[PATCH] D81472: [Matrix] Update load/store intrinsics.

Florian Hahn via Phabricator via llvm-commits llvm-commits at lists.llvm.org
Wed Jun 10 17:14:50 PDT 2020


fhahn added a comment.

In D81472#2086283 <https://reviews.llvm.org/D81472#2086283>, @rjmccall wrote:

> In D81472#2086096 <https://reviews.llvm.org/D81472#2086096>, @fhahn wrote:
>
> > In D81472#2086062 <https://reviews.llvm.org/D81472#2086062>, @rjmccall wrote:
> >
> > > [snip]
> > >
> > > > Oh right, the 'special value' to indicate row/column major would be setting either stride to 1. As long as exactly one of those is  1, the layout of the result/operand should be clear. Personally I find including layout included in the name a bit easier to follow, as it is more explicit. But it might be preferable to have a single variant that handles row/column major depending on the strides (as long as we enforce that exactly one stride has to be 1.), once we add those variants.
> > >
> > > Why have the restriction that exactly one stride has to be 1?  If you can optimize that as a constant, great, do it, but otherwise just do the separate loads/stores, and impose an UB restriction that the strides have to make them non-overlapping.
> >
> >
> > Besides making assumptions about the layout of the access memory, the intrinsic also specifies the layout of the loaded/stored values (=layout in the flattened vector). If either stride is constant 1, we could use that to determine the layout of the loaded/stored value. I may be missing something, but if both are != 1 or arbitrary values, it is not clear what we should pick for the in-vector layout.
>
>
> Wait, what?  I assumed you used a canonical layout (presumably column-major) in the flattened vector.

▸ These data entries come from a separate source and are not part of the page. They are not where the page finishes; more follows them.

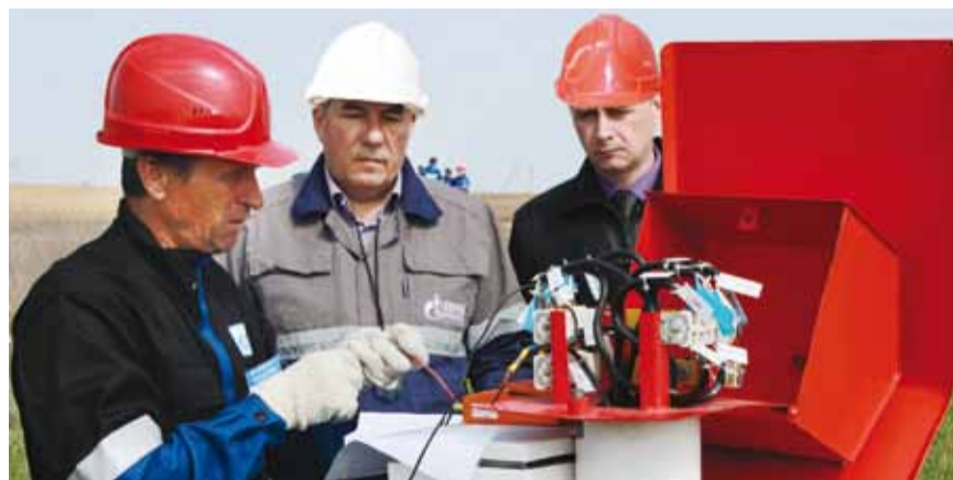
Контроль состояния ЭХЗ газопровода на переходе его через автодорогу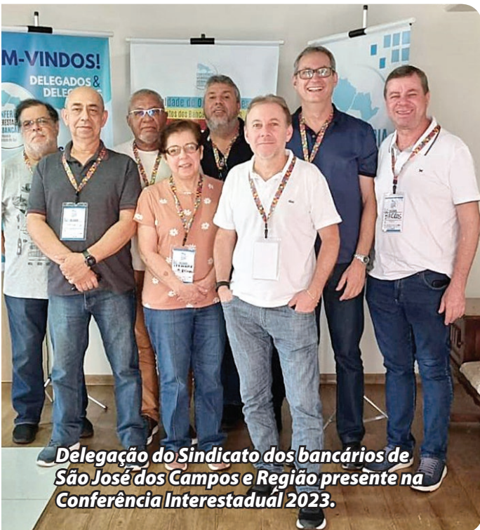
Delegação do Sindicato dos bancários de São José dos Campos e Região presente na Conferência Interestadual 2023.

Os temas debatidos e aprovados em plenária na Conferência Interestadual orientam as discussões da Campanha Nacional dos Bancários, que ocorre a cada dois anos e resultam no Acordo Coletivo de Trabalho. A próxima Campanha Nacional será realizada em 2024.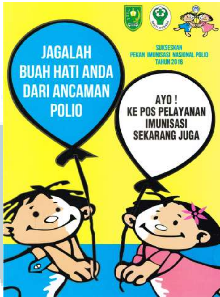
Gambar 3.9. Kampanye Polio Berbahaya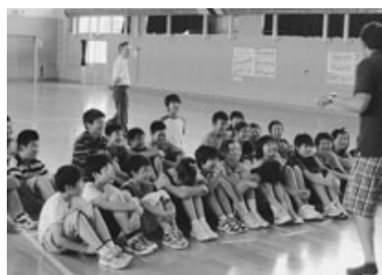
楽しみながら英語にふれました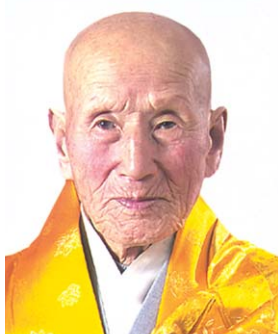
실천함을 목표로 한다.

아울러 대승불교(大乘佛敎)의 핵심사상인 성불도성을 스스로가 실천하고 지혜와 자비정신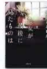
彼女が最後に 見たものは まさきとしか

Yes, currently we default to column major for the lowering.

> Are you planning to make all your intrinsics support either column-major or row-major layout?  That seems like a lot of complexity in the backend that you're mostly not actually going to be using because the frontend will use a canonical layout.

My main focus currently is to evolve the intrinsics & lowering so they work well with the matrix extension in Clang. We don't plan to propose/work towards mixing layouts or supporting switching the layout in the C/C++ extension.

On the other hand, I am also trying to ensure the intrinsics are useful for use-cases beyond Clang. For example, the intrinsics are also used by MLIR to lower matrix operations and for that use case, supporting row-major with the intrinsics and also mixing row/column major layouts makes things much easier. At the moment, it is already possible to switch the canonical layout to row-major for the lowering on the LLVM side. Supporting both layouts for most parts was relatively straight-forward (excluding the load/store intrinsics) and fits quite naturally. I am also looking into providing a more powerful way to describe additional properties of the inputs using operand bundles.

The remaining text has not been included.